- IATA: none; ICAO: none;

Summary
- Airport type: Public
- Owner: City of New York Mills
- Serves: New York Mills, Minnesota
- Elevation AMSL: 1,401 ft / 427 m
- Coordinates: 46°30′08″N 095°20′15″W﻿ / ﻿46.50222°N 95.33750°W
- Interactive map of New York Mills Municipal Airport

Runways
| Direction | Length |  | Surface |
| ft | m |
| 12/30 | 2,500 | 762 | Turf |

Statistics (2006)
- Aircraft operations: 500
- Source: Federal Aviation Administration

= New York Mills Municipal Airport =

New York Mills Municipal Airport is a city-owned, public-use airport located two nautical miles (2.3 mi, 3.7 km) southeast of the central business district of New York Mills, a city in Otter Tail County, Minnesota, United States.

== Facilities and aircraft ==
New York Mills Municipal Airport covers an area of 62 acre at an elevation of 1,401 feet (427 m) above mean sea level.

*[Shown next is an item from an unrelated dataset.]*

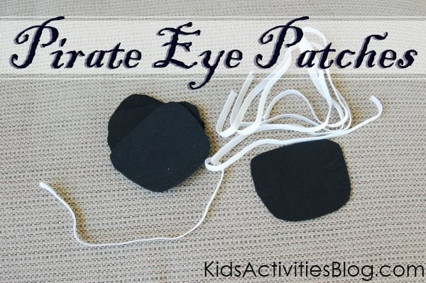 The eye patch. We cut the black “portion” out of felt. We cut two slits on the sides of the “patch” and threaded elastic through them, knotting the ends. Viola.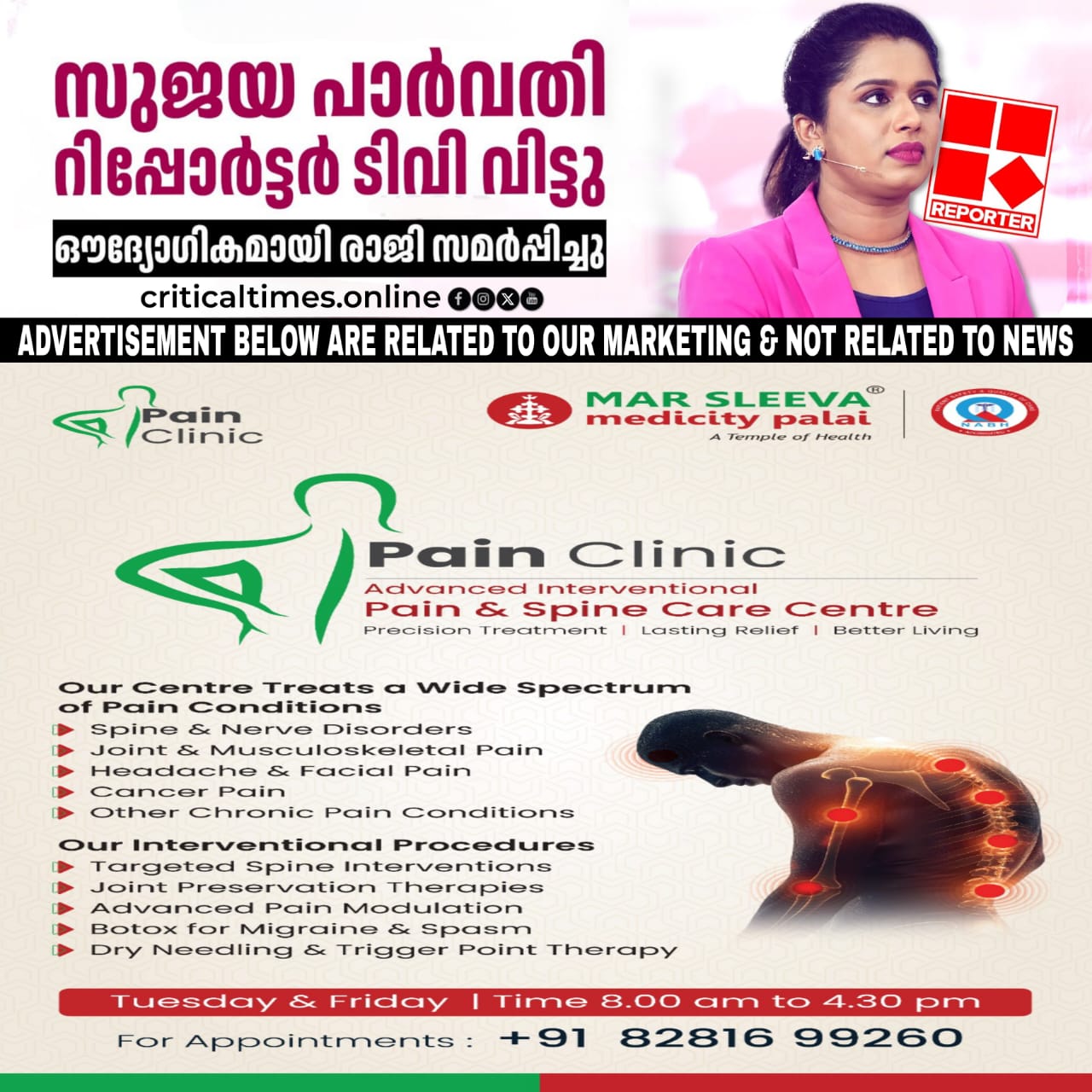 നിലപാടുകൾ കൊണ്ടും, വാർത്താ അവതരണ ശൈലികൊണ്ടും തിളങ്ങി നിന്ന റിപ്പോർട്ടർ ടിവിയിലെ കോ-ഓർഡിനേറ്റിങ്ങ് എഡിറ്റർ സുജയ പാർവതി രാജിവെച്ചു. കഴിഞ്ഞ ഒരാഴ്ചയായി സുജയ അവധിയിലായിരുന്നു. 2023 മുതൽ റിപ്പോർട്ടർ ടിവിയുടെ ഭാഗമായിരുന്നു. നേരത്തെ 24 ന്യൂസ് ചാനലിൽ നിന്നും രാജിവെച്ച ശേഷമാണു റിപ്പോർട്ടറിലേക്ക് എത്തിയത്.

It has one runway designated 12/30 with a turf surface measuring 2,500 by 196 feet (762 x 60 m). For the 12-month period ending July 31, 2006, the airport had 500 general aviation aircraft operations, an average of 41 per month.

This airport no longer appears on satellite photos of the area. Its FAA record no longer exists. One report indicates that the airport closed in 2011.